* _EXERCISE AIM_
Would you set down the data that follows, word for word, without any pictures?

* _DATASET SECTION_

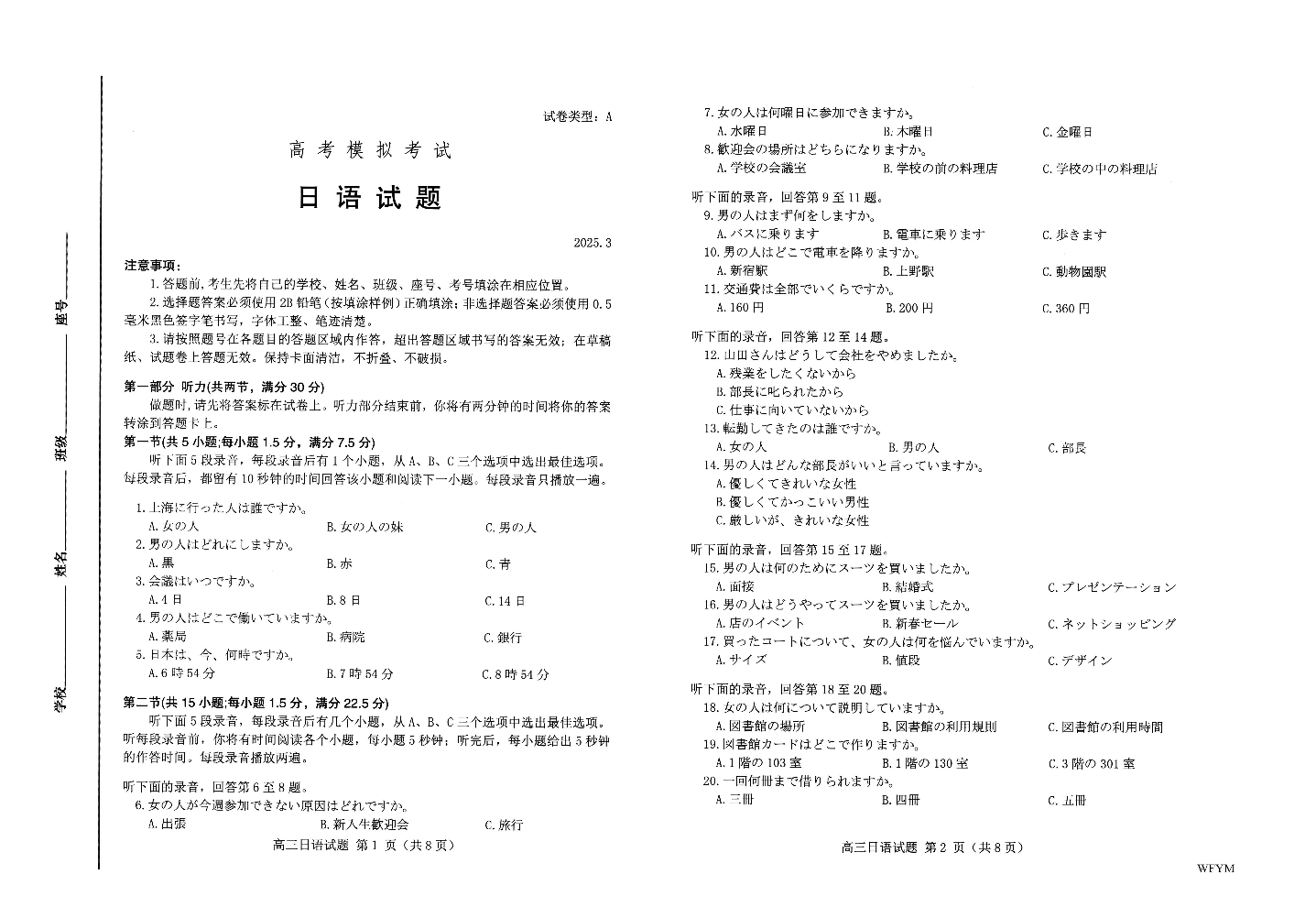 山东省潍坊市2024-2025学年下学期3月高三一模统考日语
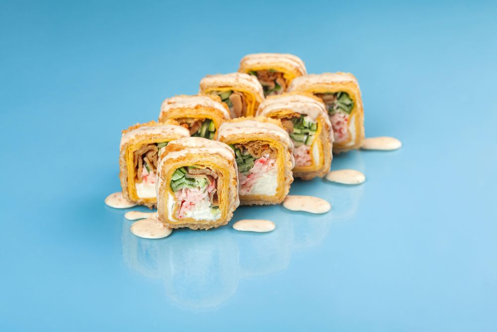 Тортилья, сливочный сыр, снежный краб, огурец, тамаго блинчик, кляр, сухари Kaneshiro Premium, ореховый соус
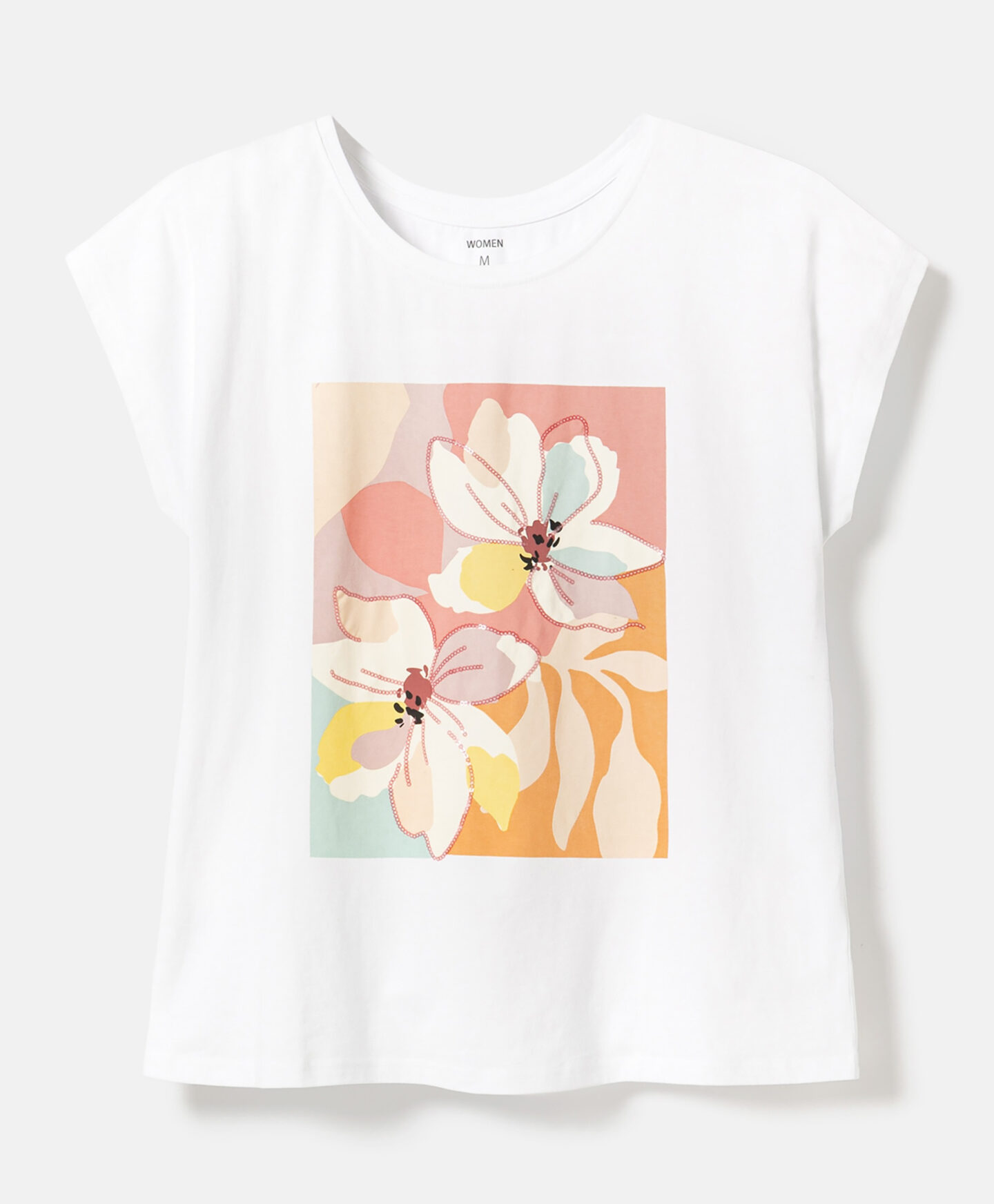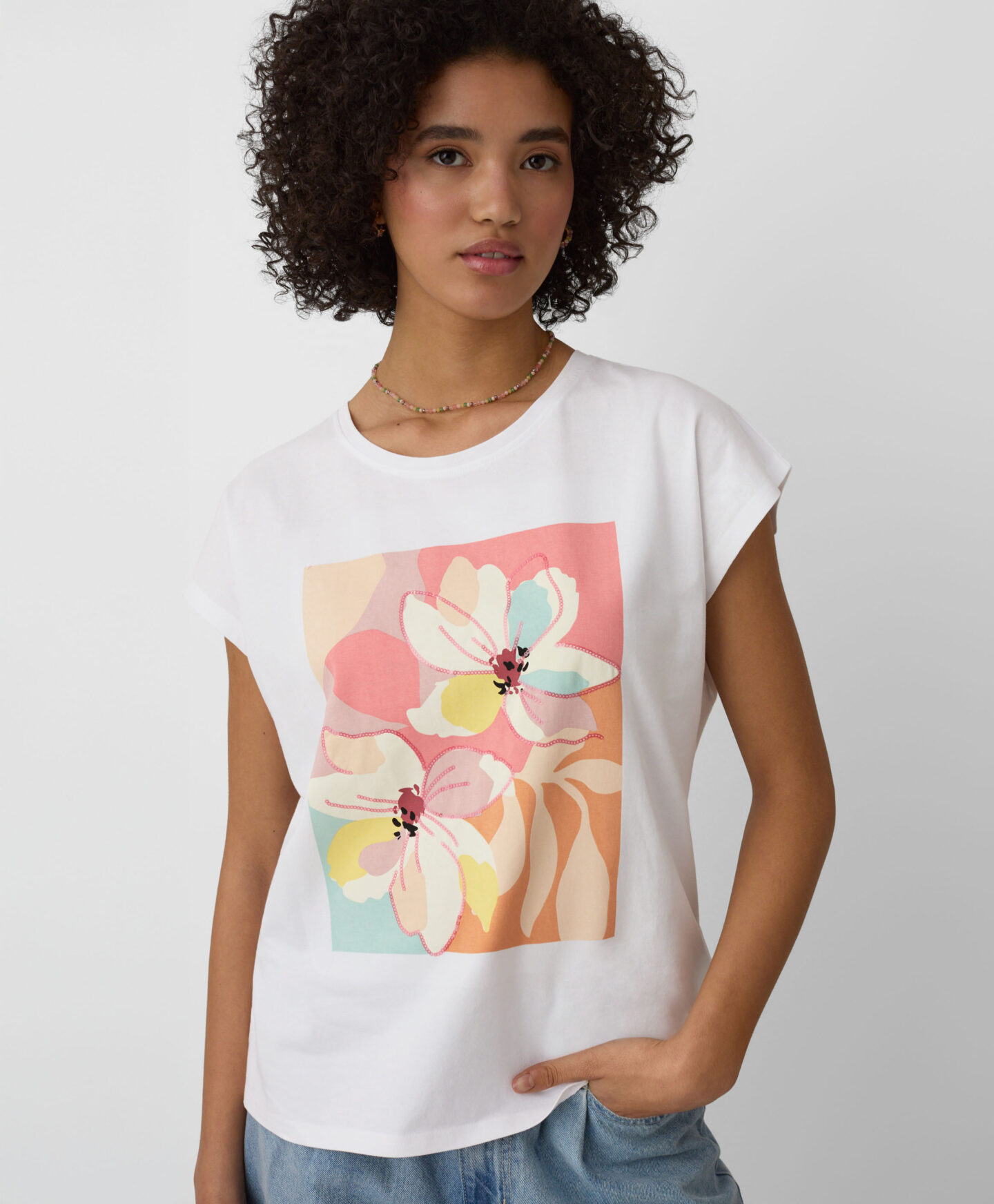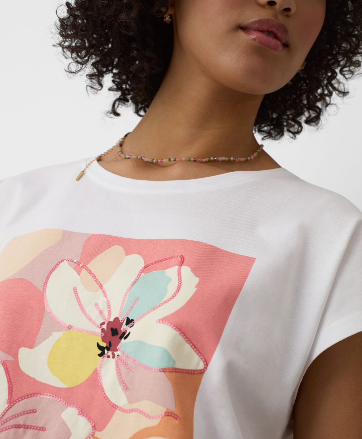Ova majica za žene sa visokim sadržajem pamuka i dodatkom elastina lepo pristaje uz telo. Print na prednjem delu sa cvetom ukrašenim šljokicama oduševiće sve ljubiteljke floralnih detalja. Majica je udobna, prozračna i omogućava koži da diše. Savršena je za kombinovanje uz omiljene farmerke, trenerku ili elegantne cigaret pantalone.

* _SOLVED PROBLEM_
 山东省潍坊市2024-2025学年下学期3月高三一模统考日语
 Тортилья, сливочный сыр, снежный краб, огурец, тамаго блинчик, кляр, сухари Kaneshiro Premium, ореховый соус
Ova majica za žene sa visokim sadržajem pamuka i dodatkom elastina lepo pristaje uz telo. Print na prednjem delu sa cvetom ukrašenim šljokicama oduševiće sve ljubiteljke floralnih detalja. Majica je udobna, prozračna i omogućava koži da diše. Savršena je za kombinovanje uz omiljene farmerke, trenerku ili elegantne cigaret pantalone.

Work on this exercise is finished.